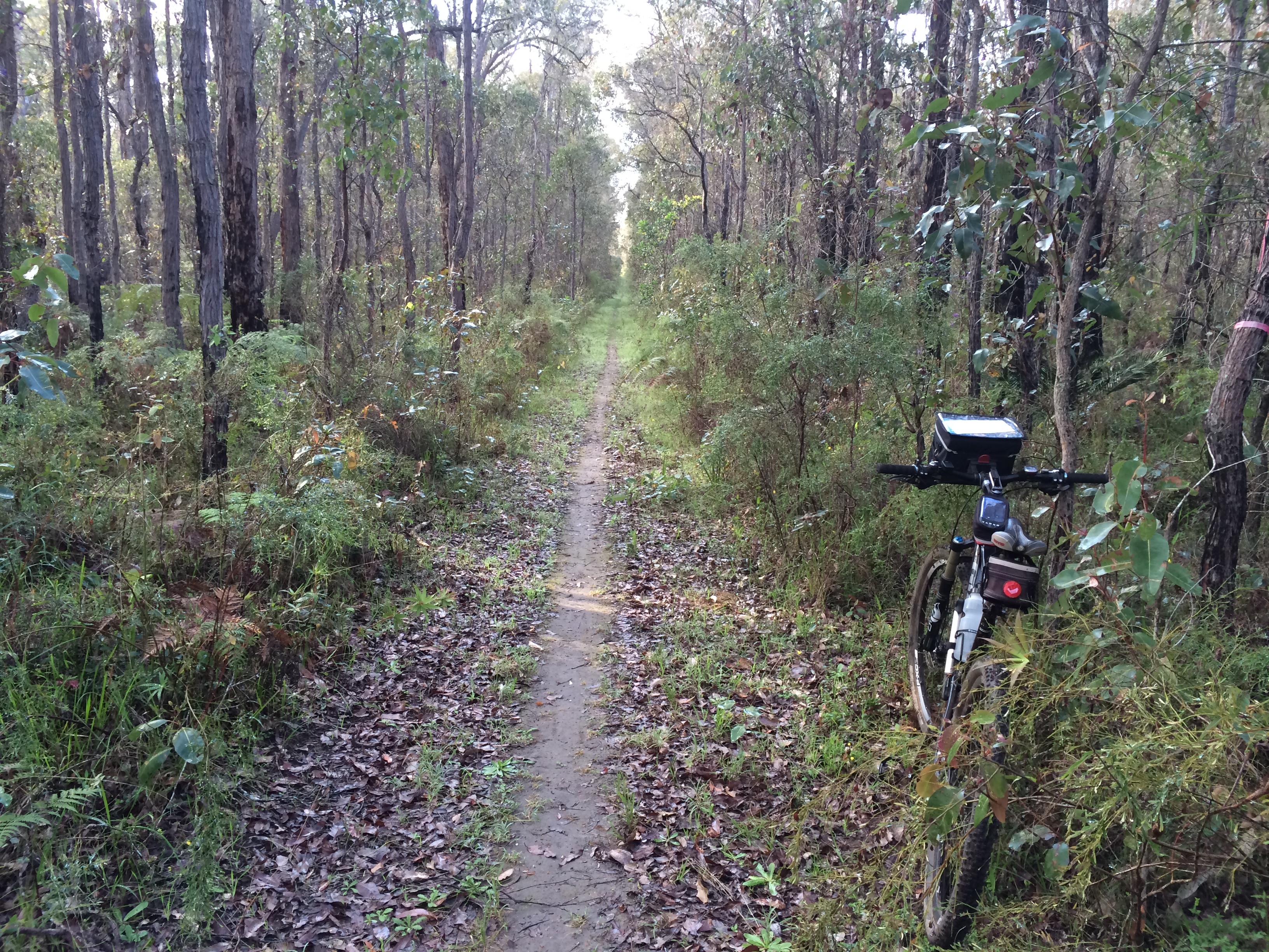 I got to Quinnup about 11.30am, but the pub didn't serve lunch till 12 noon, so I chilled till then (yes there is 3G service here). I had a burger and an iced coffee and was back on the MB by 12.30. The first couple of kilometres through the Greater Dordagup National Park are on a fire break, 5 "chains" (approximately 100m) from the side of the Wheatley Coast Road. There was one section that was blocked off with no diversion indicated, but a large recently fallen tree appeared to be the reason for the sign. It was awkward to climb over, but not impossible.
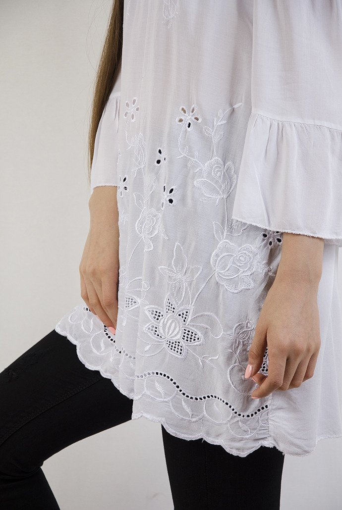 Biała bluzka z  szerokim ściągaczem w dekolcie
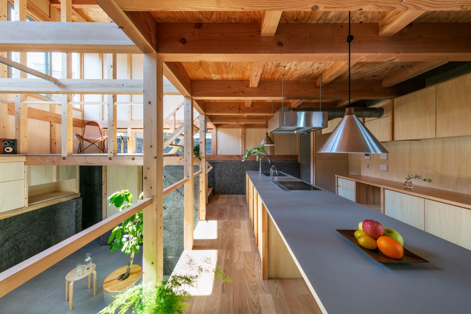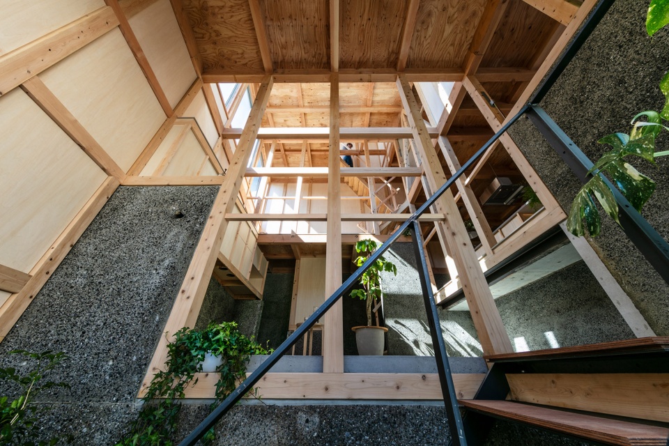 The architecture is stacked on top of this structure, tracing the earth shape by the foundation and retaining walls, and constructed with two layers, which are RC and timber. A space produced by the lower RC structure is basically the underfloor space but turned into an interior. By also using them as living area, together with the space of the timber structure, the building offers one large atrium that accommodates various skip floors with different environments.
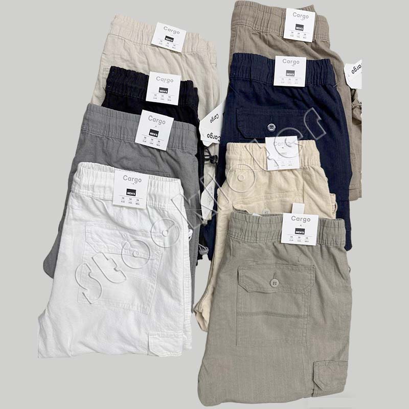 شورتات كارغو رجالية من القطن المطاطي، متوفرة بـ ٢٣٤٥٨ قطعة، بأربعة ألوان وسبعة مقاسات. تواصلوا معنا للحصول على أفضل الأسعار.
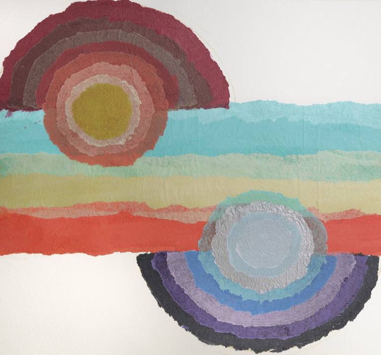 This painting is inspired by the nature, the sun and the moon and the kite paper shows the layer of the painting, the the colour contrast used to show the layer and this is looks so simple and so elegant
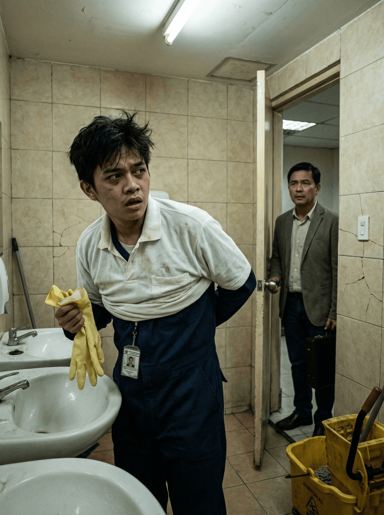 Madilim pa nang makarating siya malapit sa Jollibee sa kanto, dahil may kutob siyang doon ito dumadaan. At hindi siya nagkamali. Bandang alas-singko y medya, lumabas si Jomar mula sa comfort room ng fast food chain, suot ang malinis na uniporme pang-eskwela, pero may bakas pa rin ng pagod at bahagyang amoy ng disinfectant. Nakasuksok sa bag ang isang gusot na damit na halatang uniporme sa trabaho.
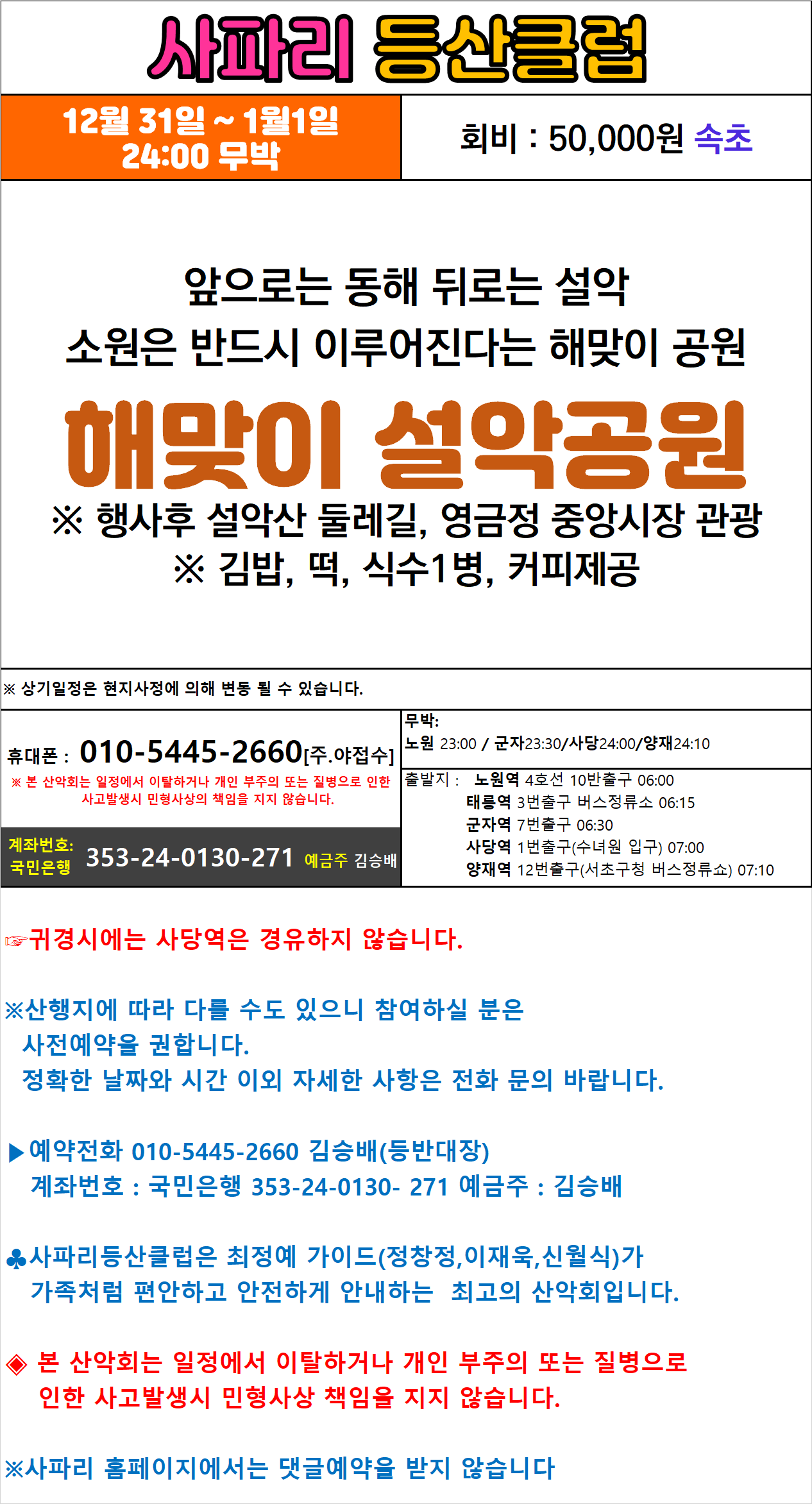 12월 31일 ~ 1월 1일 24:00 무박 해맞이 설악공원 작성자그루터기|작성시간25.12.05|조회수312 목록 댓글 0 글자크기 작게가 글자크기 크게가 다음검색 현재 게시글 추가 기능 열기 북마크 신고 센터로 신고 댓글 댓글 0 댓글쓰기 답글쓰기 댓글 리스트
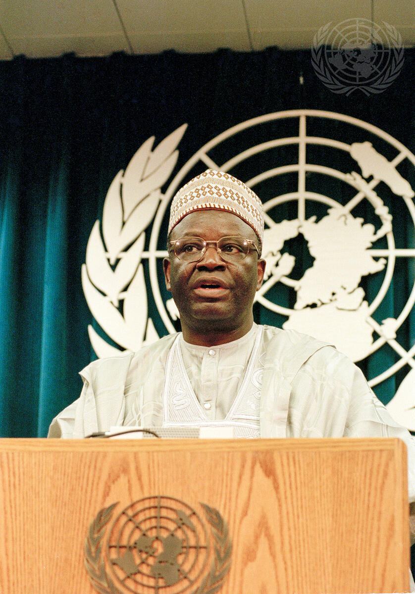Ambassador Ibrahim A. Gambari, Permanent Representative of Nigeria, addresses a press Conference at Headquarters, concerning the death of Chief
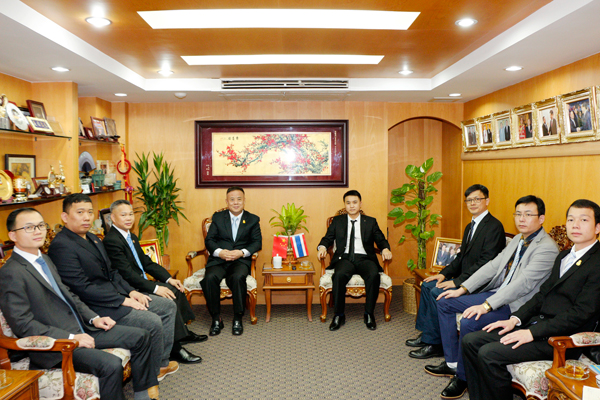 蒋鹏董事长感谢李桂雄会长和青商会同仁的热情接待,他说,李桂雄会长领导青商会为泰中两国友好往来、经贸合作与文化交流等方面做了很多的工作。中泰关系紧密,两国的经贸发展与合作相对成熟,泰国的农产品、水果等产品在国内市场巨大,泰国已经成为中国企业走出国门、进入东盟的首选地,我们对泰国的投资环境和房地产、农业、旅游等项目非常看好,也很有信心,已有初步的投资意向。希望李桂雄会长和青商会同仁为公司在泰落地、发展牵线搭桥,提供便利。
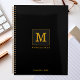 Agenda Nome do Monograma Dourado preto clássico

┄┄┄┄┄┄

- **Work task**: No pictures belong in the answer, only the lines from the top of the listing through the line containing "This painting is", repeated word for word.

- **Solved exercise**:
 I got to Quinnup about 11.30am, but the pub didn't serve lunch till 12 noon, so I chilled till then (yes there is 3G service here). I had a burger and an iced coffee and was back on the MB by 12.30. The first couple of kilometres through the Greater Dordagup National Park are on a fire break, 5 "chains" (approximately 100m) from the side of the Wheatley Coast Road. There was one section that was blocked off with no diversion indicated, but a large recently fallen tree appeared to be the reason for the sign. It was awkward to climb over, but not impossible.
 Biała bluzka z  szerokim ściągaczem w dekolcie
 The architecture is stacked on top of this structure, tracing the earth shape by the foundation and retaining walls, and constructed with two layers, which are RC and timber. A space produced by the lower RC structure is basically the underfloor space but turned into an interior. By also using them as living area, together with the space of the timber structure, the building offers one large atrium that accommodates various skip floors with different environments.
 شورتات كارغو رجالية من القطن المطاطي، متوفرة بـ ٢٣٤٥٨ قطعة، بأربعة ألوان وسبعة مقاسات. تواصلوا معنا للحصول على أفضل الأسعار.
 This painting is inspired by the nature, the sun and the moon and the kite paper shows the layer of the painting, the the colour contrast used to show the layer and this is looks so simple and so elegant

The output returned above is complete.